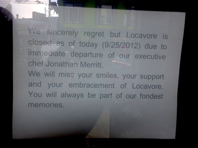 I just didn’t have the heart to publish this last week, right on the heels of the news about the closure of Four Star Video, but last week several readers wrote to say that Locavore, the classy restaurant on Mission at Valencia, had also closed its doors.
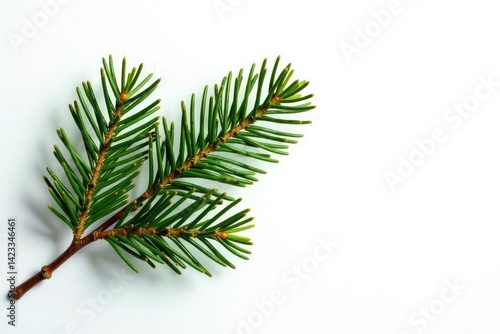 Single branch of fir tree isolated on white background, isolation, snowflakes, branches
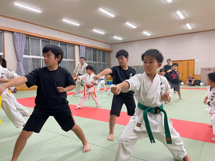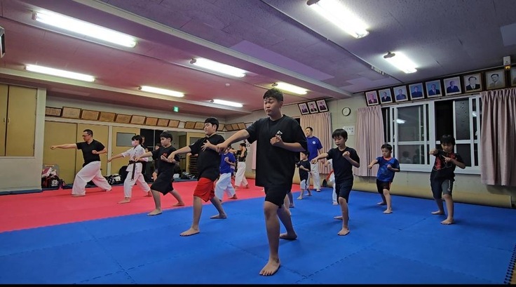 組手(試合形式の打撃)だけでなく、基本の突きや移動稽古も大切に行っております。
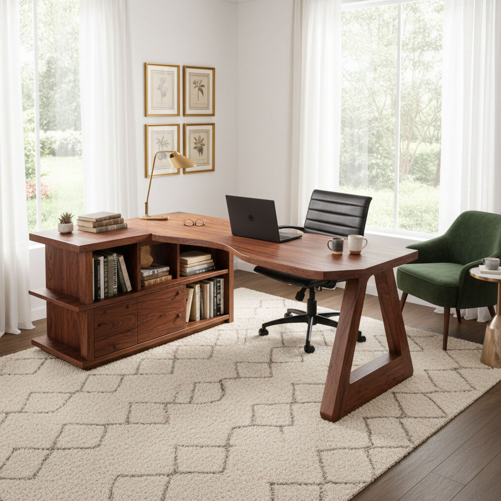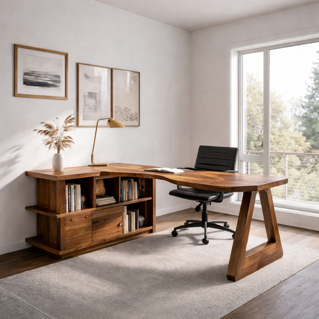 A sculptural L-shaped desk handcrafted from solid natural wood, offering a spacious workspace combined with integrated storage. The sleek design highlights rich wood grain, while the built-in bookshelf provides practical storage for books, documents, and décor. This functional desk is designed to elevate home offices and professional spaces with its modern aesthetic and organic warmth.

• _Exercise instructions_: Lines from the one containing "Single branch of" through the end of the listing, both included, are to be restated exactly, and pictures are to be left out.

• _Exercise response_:
 Single branch of fir tree isolated on white background, isolation, snowflakes, branches
 組手(試合形式の打撃)だけでなく、基本の突きや移動稽古も大切に行っております。
 A sculptural L-shaped desk handcrafted from solid natural wood, offering a spacious workspace combined with integrated storage. The sleek design highlights rich wood grain, while the built-in bookshelf provides practical storage for books, documents, and décor. This functional desk is designed to elevate home offices and professional spaces with its modern aesthetic and organic warmth.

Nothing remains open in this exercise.